At first: sorry if I describe something wrong, I dont really know english mathematics. I want to draw a linear map.
$f:\Bbb R^2 \rightarrow \Bbb R$
$\vec{x} \mapsto |\vec{a}-\vec{x}|$
$\vec{a}=(2,2)$
Using Gnuplot I get this image:
But I think its wrong, because on the image for $f(x,2)=0$. But for example for $f(0,2)=\sqrt{(2-0)^2+(2-2)^2}=\sqrt{4}=2\neq 0$
So what is my mistake and how can I draw the function properly?

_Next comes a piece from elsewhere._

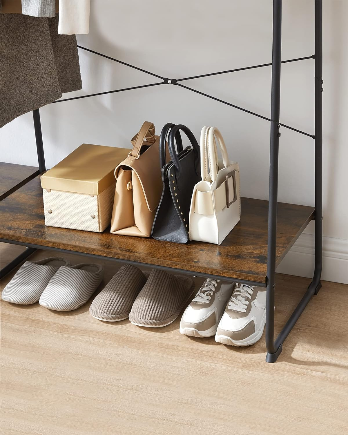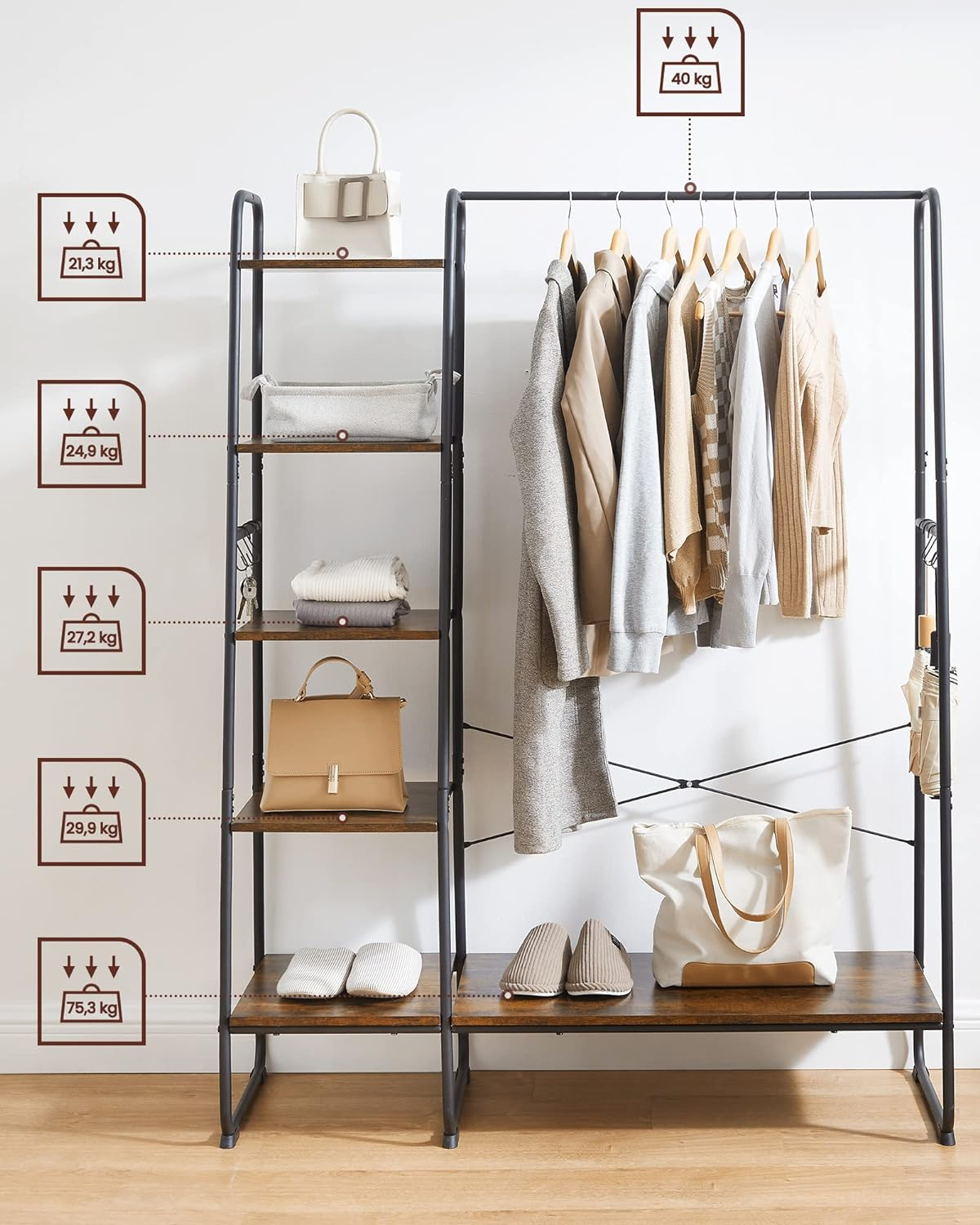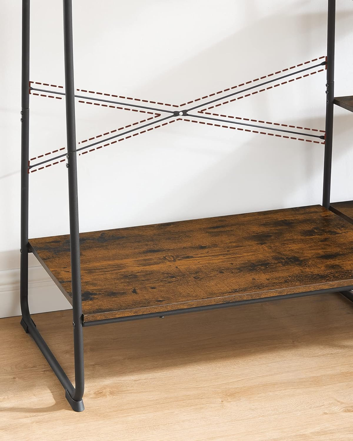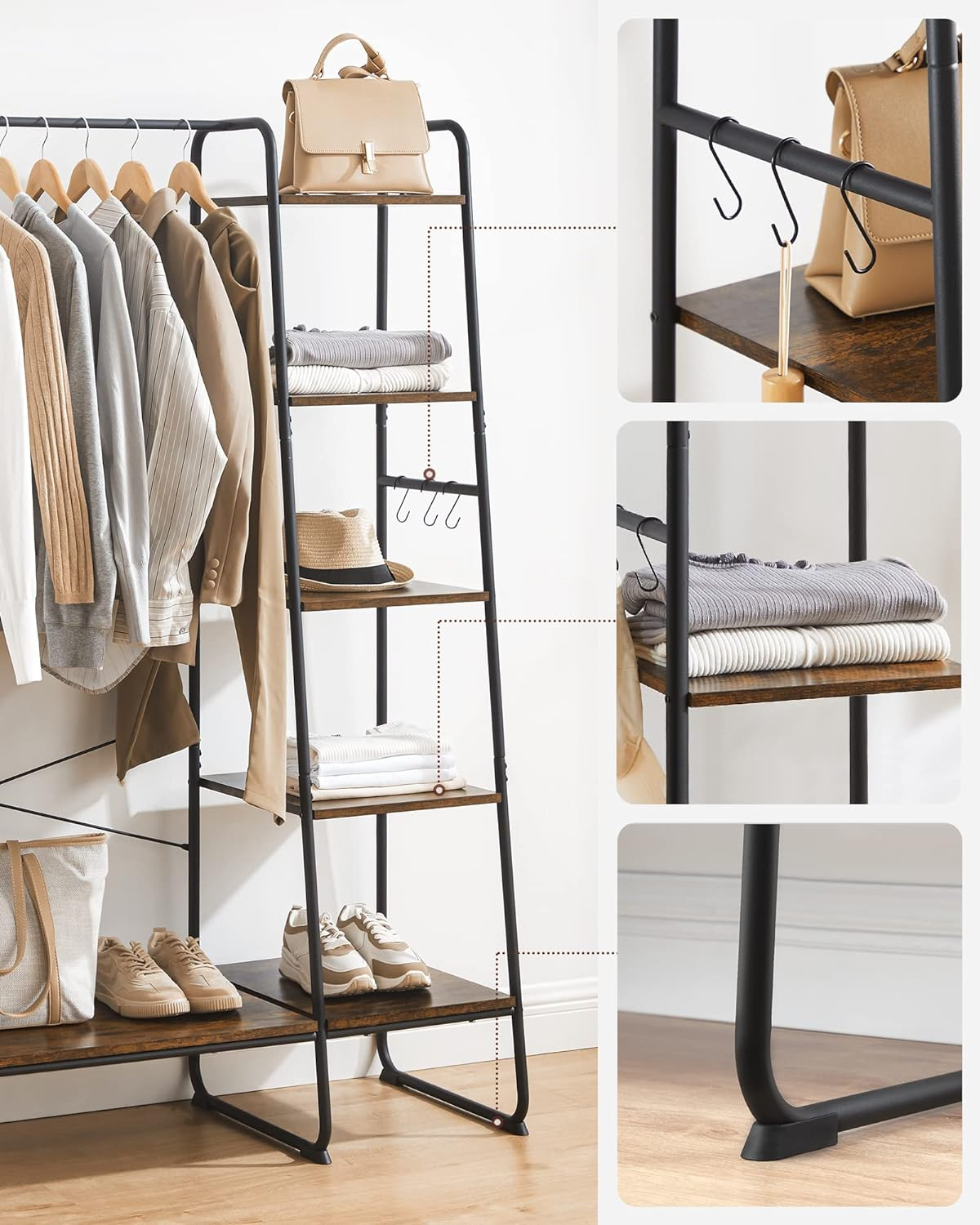 VASAGLE Raft pentru haine cu suport pentru pantofi, 5 polite, 6 carlige laterale, 45x120x160cm, maro rustic si negru

Edit: This is the correct graph
On
I've never used Gnuplot. However, the "abs" function doesn't seem to be the right choice here. What you need is not the absolute value of $a-x$ (which does not make sense to me), but the norm of it. Try to write the right formula for the norm of $a-x$. I'm almost sure you will get the right answer. The usual norm on this space is $|(x,y)|=\sqrt{x^2+y^2}$.
You are correct. The GnuPlot result is wrong. The result should be a cone with its tip at the point $(2,2)$.
I think GnuPlot is not interpreting your input function correctly. It is interpreting $\text{abs}(((2,2)-(x,y)))$ as $\text{abs}(2-y)$.
To make things easier for GnuPlot, maybe you could give the formula in a simpler way. For example, you could give $f(x,y) = \sqrt{ (x-2)^2 + (y-2)^2 }$.